= Mikhail Nikolaevich Skulyari =

Soviet artist (1905–1985)

Mikhail Nikolaevich Skulyari (Михаил Николаевич Скуляри; 26 June 1905 - 1985) was a Soviet artist. He was born in southern Russia. He was the grandson of Baron von Ek. Until 1917 he lived in Simferopol. He studied art in Irkutsk under I. Kopylov. Among his fellow students in Irkutsk were Minei Kuks and A.N. Yakobson. He then graduated from the Academy of Arts (1926–30), where he studied with Kuzma Petrov-Vodkin, Arkady Rylov, Pavel Shillingovsky and Dmitry Kiplik. He spent the Second World War in Dushanbe, Anzhero-Sudzhensk and Kolomna.

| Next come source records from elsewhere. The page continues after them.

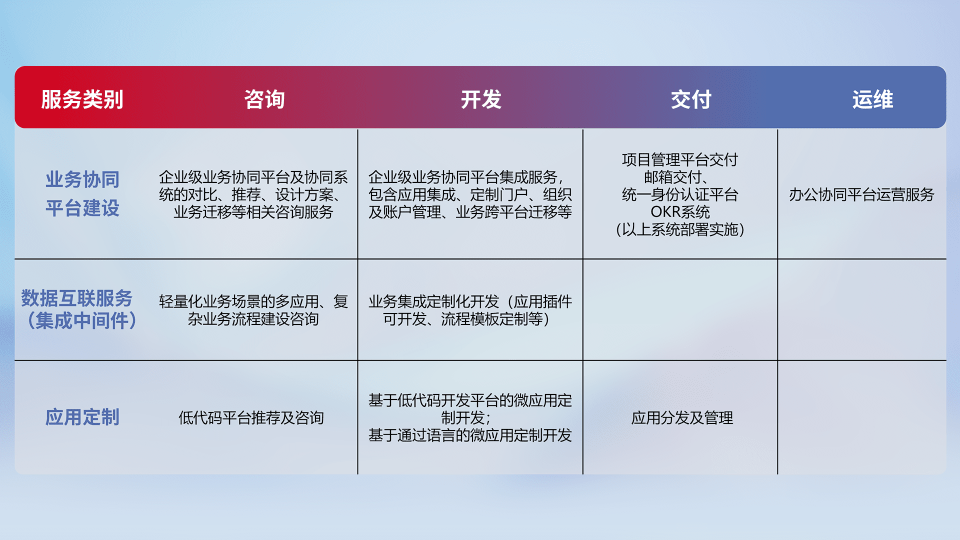 针对钉钉、、企微、、、、IDaas等平台级产品提供产品的规划、、、、方案、、交付、、定制化开发等服务,,,实现如统一协同办公、、、、智能客户服务、、混合会议管理、、智能数据查询、、、、等业务场景,,实现数字化转型。。。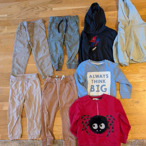 Klädpaket: 2st byxor + 3st tunna tröjor. Storlek 98/104.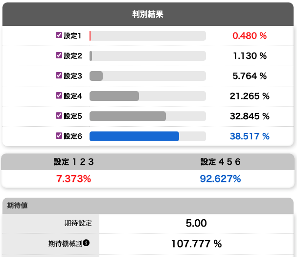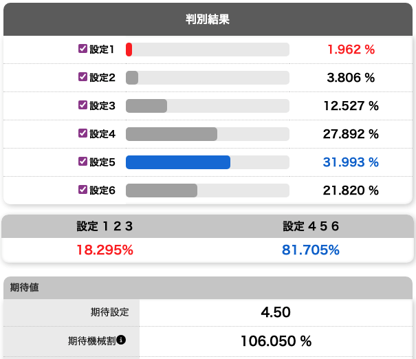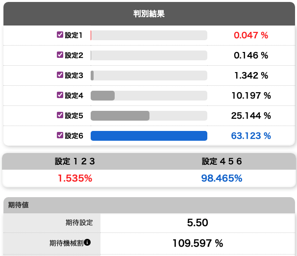 どの設定の可能性が高いかを表した数字だと考えてもらってOKです。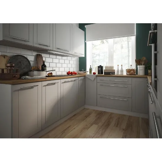 Kolekcja Quantum zachwyca dekoracją w odcieniach dust grey/mint. To połączenie klasycznego uroku i nowoczesnej świeżości, które doskonale wpisuje się w różnorodne aranżacje kuchni. Zarówno fronty, jak i korpusy mebli zostały wykończone w matowej powłoce, co nadaje im wyjątkowego charakteru. Matowe wykończenie dodaje elegancji i subtelnego blasku, jednocześnie eliminując odblaski światła.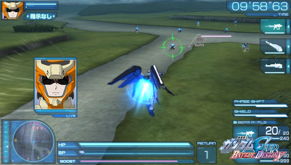초반 배치 기체는 위에서 부터 진, 진-어썰트, 시그, 그리고 바쿠가 등장합니다 초반에 진과 진-어썰트의 대량공세로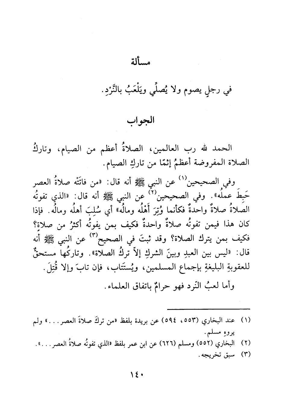 فكيف بمن يترك الصلاة؟ وقد ثبتَ في الصحيح (3) عن النبي - صَلَّى اللَّهُ عَلَيْهِ وَسَلَّمَ - أنه قال: "ليس بين العبدِ وبينَ الشركِ إلاّ تركُ الصلاة". وتاركُها مستحق للعقوبةِ البليغةِ بإجماع المسلمين، ويُستَتاب، فإن تابَ وإلا قُتِلَ. وأما لعبُ النرد فهو حرامٌ باتفاق العلماء.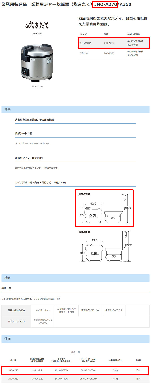 | 商品名 | 業務用炊飯ジャー | |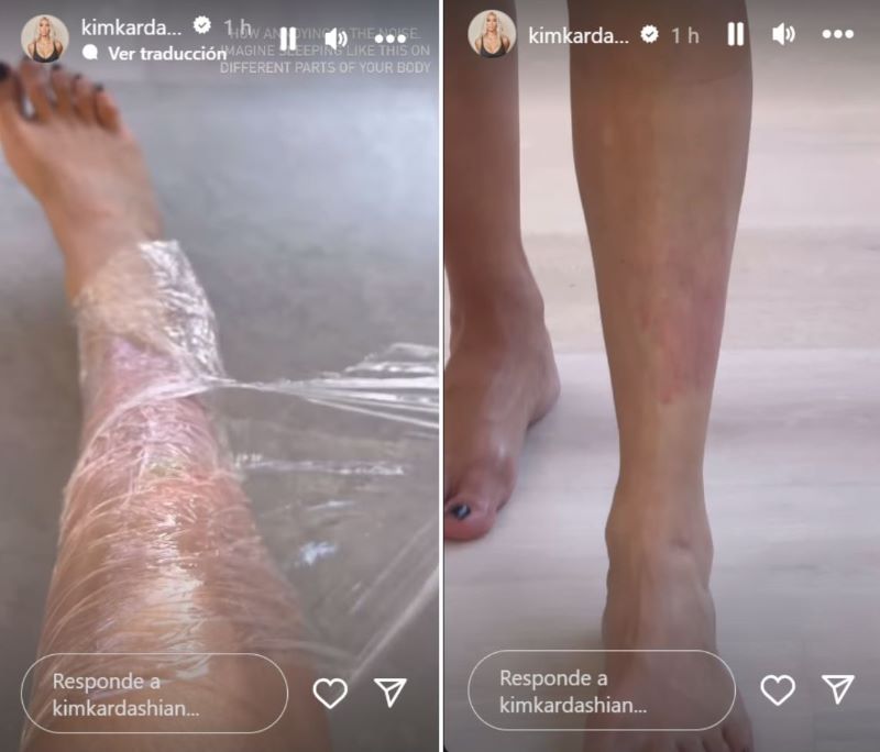 Pasadas algunas horas, mostró los efectos del tratamiento que comienza a aplicarse. Envolvió su pierna con papel film después de colocarse una crema durante toda la noche.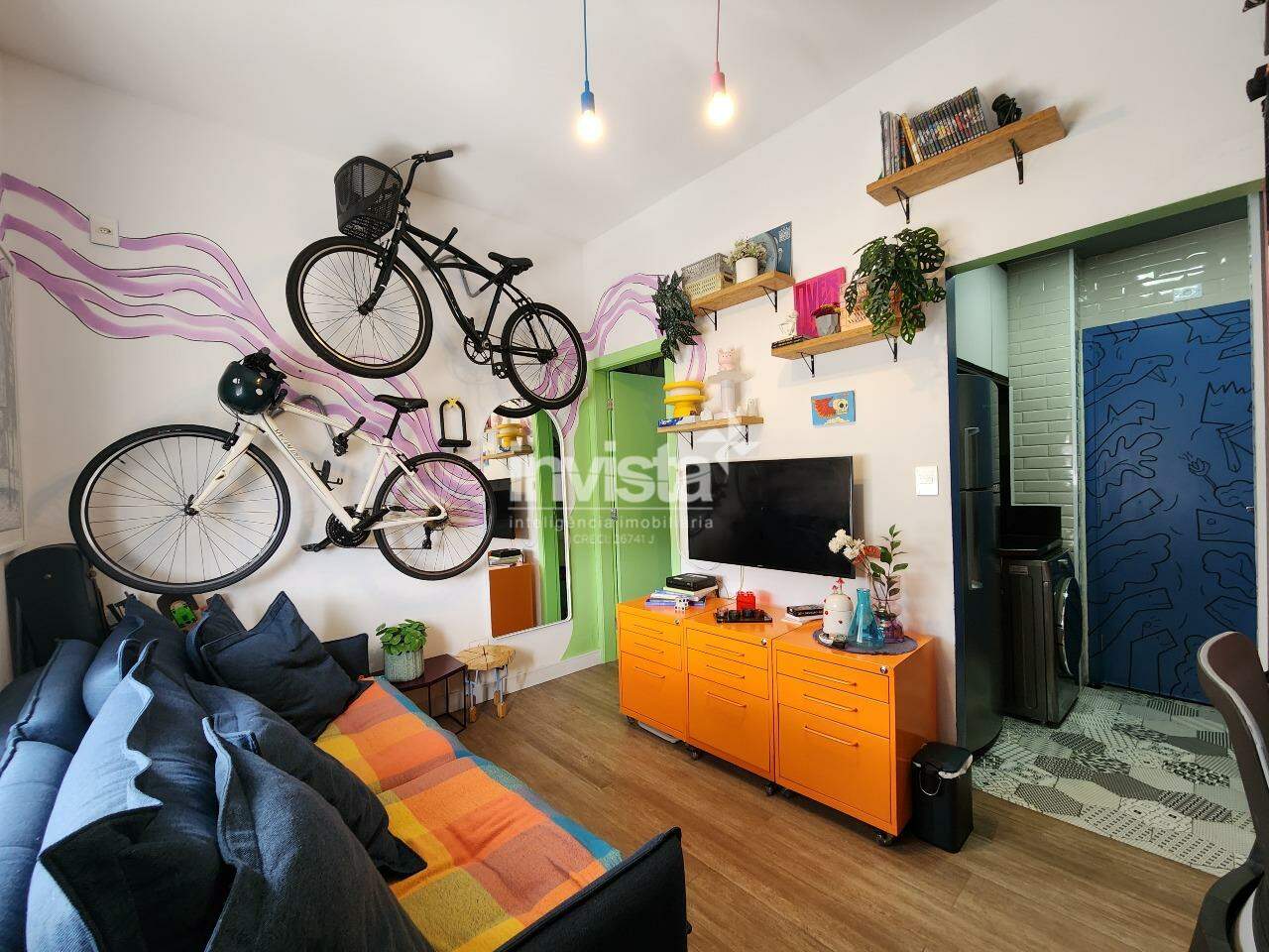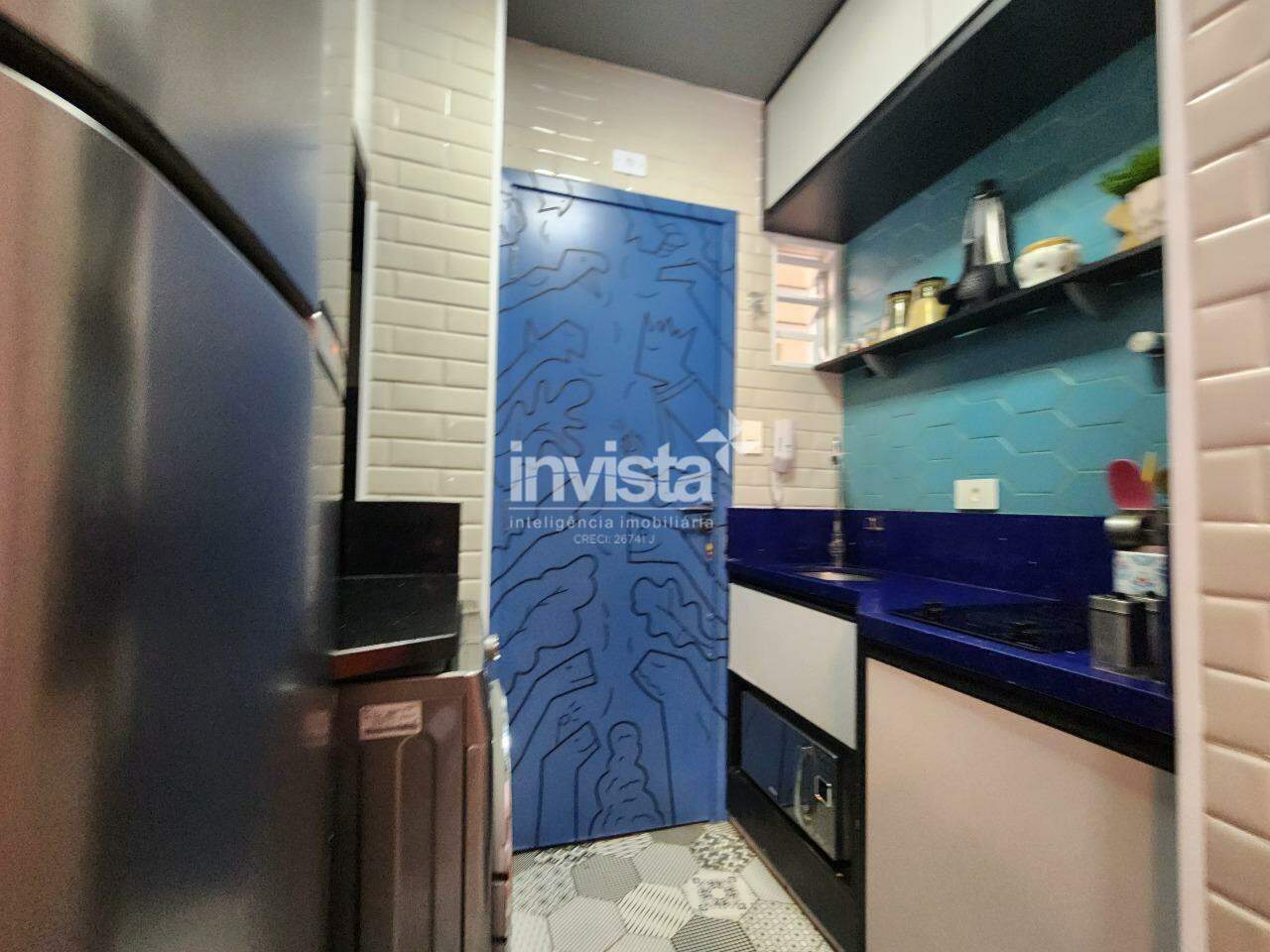 Kit net porteira fechada, na quadra da praia do Embaré. Prédio com portaria e manobrista 24 horas.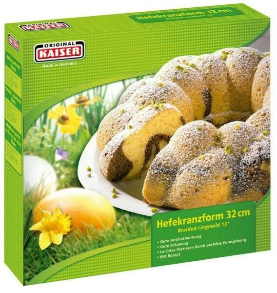 Kaisers Motivbackform Hefekranz kann ein eigener, traditioneller Osterkranz gebacken werden. Kunstvoll verziert erfreut er auf dem Kaffeetisch kleine und große Gäste.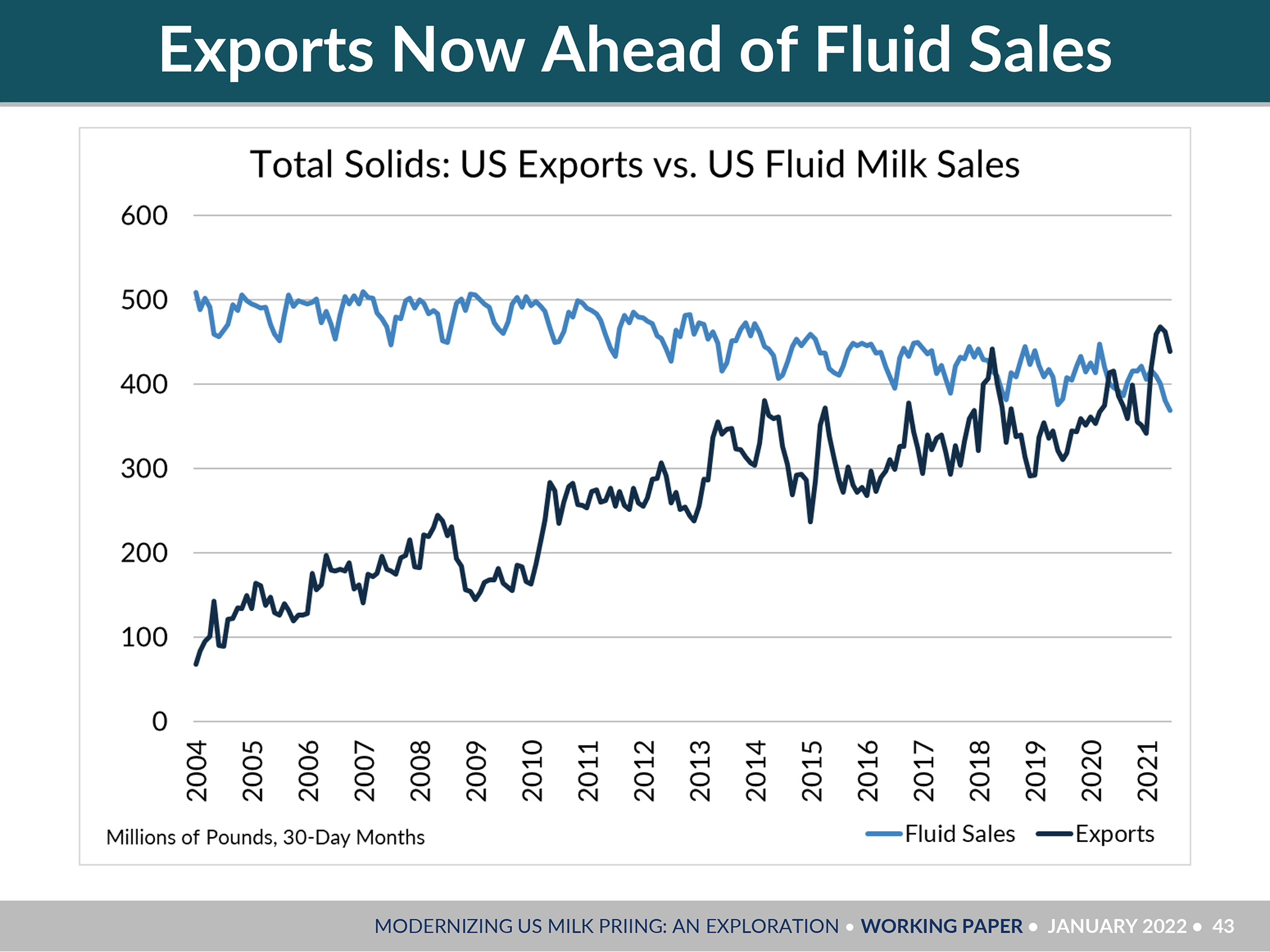 Fluid milk sales are declining and being overtaken by the increasing export category — leading processors to lose interest in FMMO participation, he said.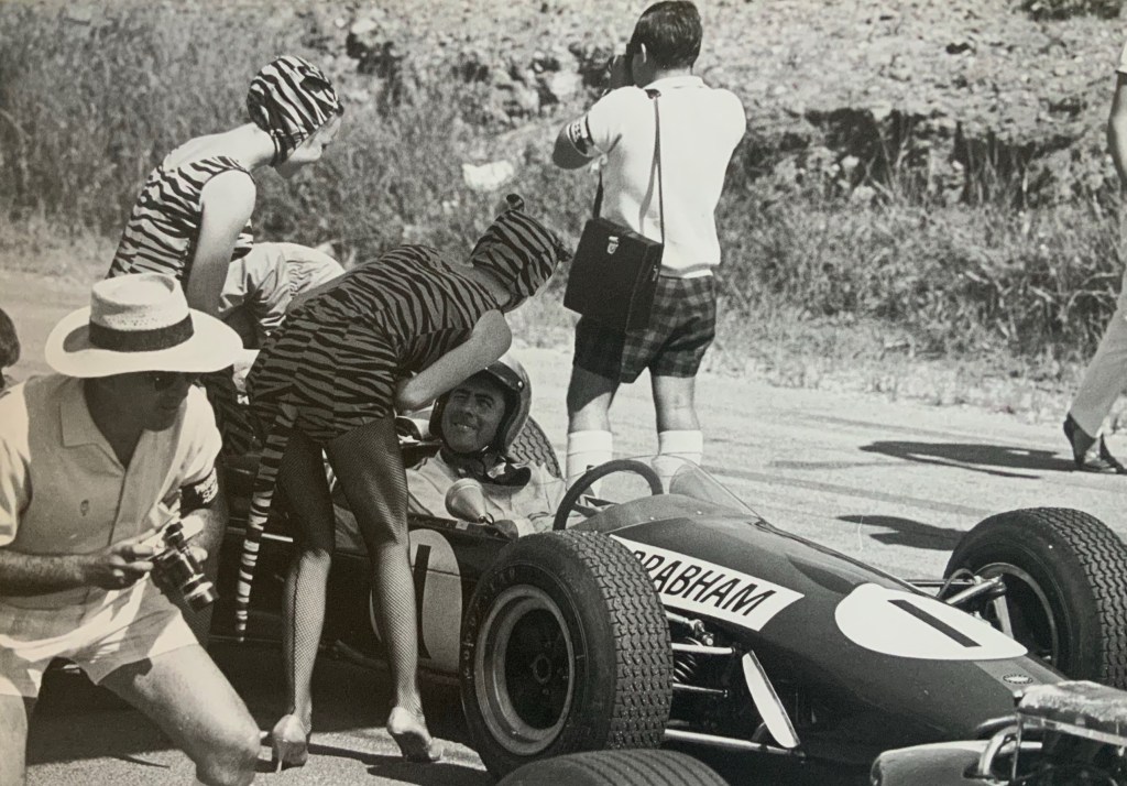 Esso babes, high heels and all, doing their promotional thing in the hot Queensland sun. It wasn’t too bad a day in the office. Jack was second behind Jim Clark’s Lotus 33 Climax FWMV 2-litre V8 in his Brabham BT23A Repco 640 2.5 V8, with Frank Gardner third in Alec Mildren’s Brabham BT16 Coventry Climax FPF 2.5. Brabhams occupied five of the first six placings, but not the one that mattered.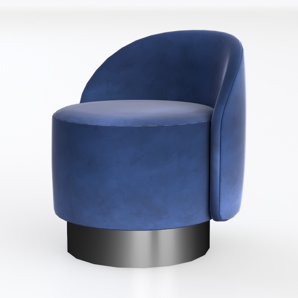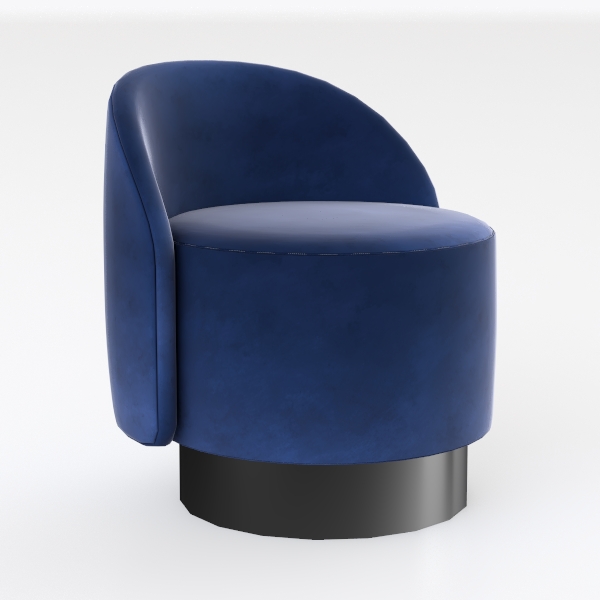The star feature is the deep, royal blue upholstery, which wraps around the rounded seat and back in a plush, velvety texture. Running a hand over its surface reveals a subtle sheen, hinting at a high-quality fabric that balances softness and durability; it feels like sinking into a cloud, yet maintains a structured presence. Visually, the chair’s full, rounded lines create a warm, inviting focal point, with the rich blue hue adding a touch of opulence that catches the eye without overwhelming the space.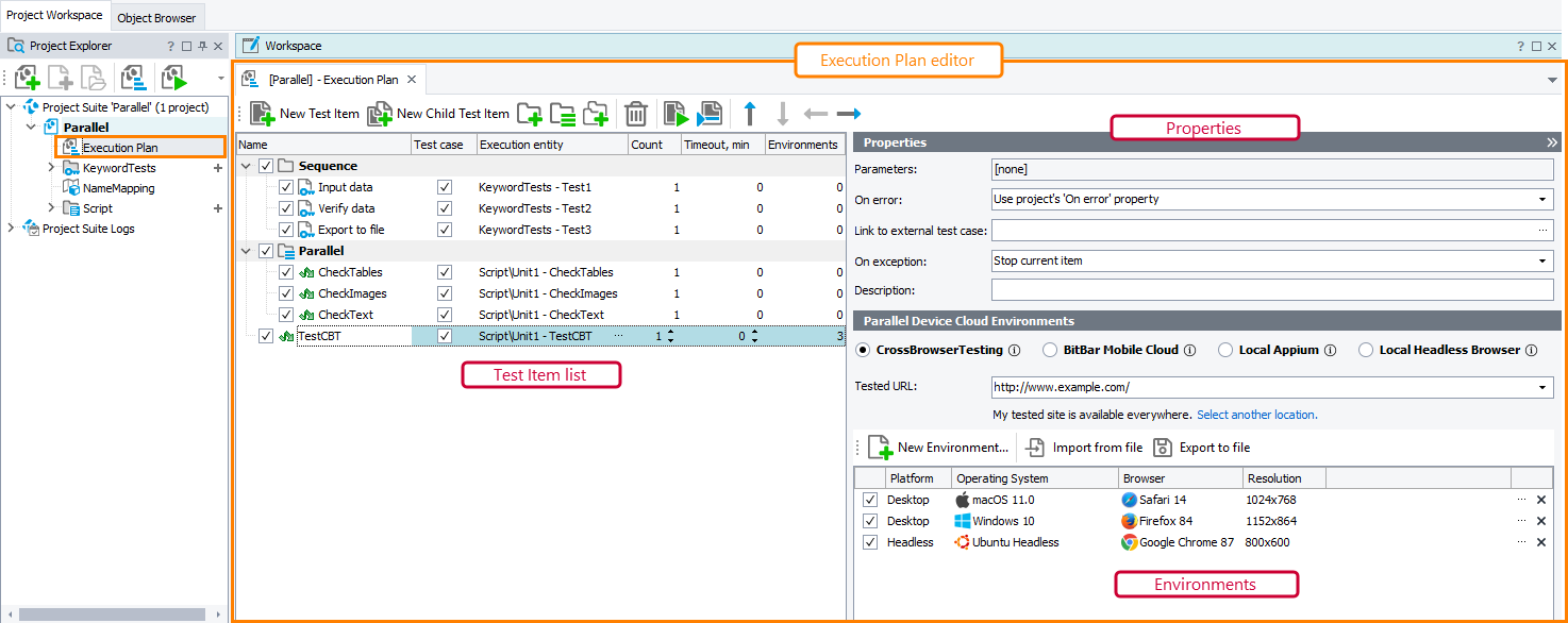 Use the panel to configure a list of test items that will run in the specified order. It could be a plain list, grouped list, a tree-like structure where child items are run after the parent item has finished running, or a parallel group where test items are run simultaneously. Also, the panel allows you to modify several test item’s settings.

He was associated with the artists' union RABIS and with the Red Army medical museum.

After 1946, he worked in the Leningrad Experimental Lithographic Workshop with a host of artists, among them Alexander Vedernikov, Georgy Vereisky, V.A. Vlasov, Yuri Vasnetsov, B.N. Ermolaev, Vera Matyukh, Valentin Kurdov, Anatoli Kaplan, Minei Kuks and A.N. Yakobson.

He died in 1985. His work was exhibited at the State Russian Museum in 2005 to mark the centenary of his birth. He was also shown in the Estorick Gallery in 2019 as part of an exhibition on the Leningrad lithographers.